All you data scientists will probably know the entropy equation:
$$H(p)=-\sum_{i=1}^{n}{{p}_{i}}\cdot\log_{2}{{p}_{i}}$$
And, using this, I was messing around with some compression, and calculated the entropy for a set of probablilties $\{0.3, 0.2, 0.2, 0.1\}$, which came out as about $2.246$.
This doesn't make sense to me, because if Entropy $\propto$ 1/Compression, then I've done the impossible by compressing data with these proportions.
I find myself confused as to how to interpret this value any other way. Is it bits per arbitrary unit? Am I simply wrong?
Your calculation is wrong. The correct answer for four digits is
$$1.7820 .$$
The correct interpretation of the entropy is as follows.

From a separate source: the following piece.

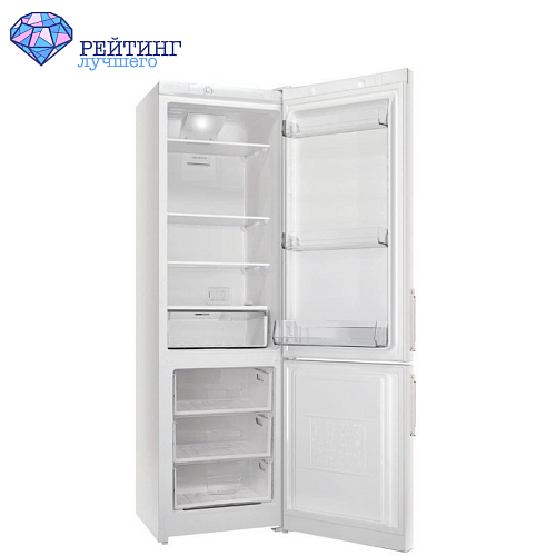 Stinol STN 200 объемом 359 литров включает в себя очень просторный нижний морозильный ящик для хранения пищевых запасов, а также 4 стеклянные полки, способные выдержать большие нагрузки. Он выполнен в классическом дизайне и имеет скрытые ручки, чтобы вы могли вписать его в абсолютно любое пространство. Эта модель не заставит вас испытывать дискомфорт, даже находясь близко к спальным комнатам, так как издает шум в пределах 39 дБ, и положительно скажется на энергопотреблении, поскольку относится к классу А энергопотребления. Хорошо и то, что она снабжена функцией No Frost, которая позволяет избежать ручной разморозки и не образует наледи на продуктах, даже если они расположены вплотную к стенкам.

Assume that you have to code an infinite sequence of independent random variables distributed identically; taking different values (symbols) with the given probabilities. Then create disjoint sequence of length $N$ out of symbols poured by the source. Use some faithful coding method. Let the random variable $X_{N,n}$ be the length of the $n^{th}$ sequence of length $N$. Then for any method the average code length will be greater or equal than the entropy:
$$\frac{1}{N}E[X_{N,n}]=\frac{1}{N}E[X_{N,1}]\ge H.$$
(If $N\rightarrow \infty$ the average code length tends to the entropy.)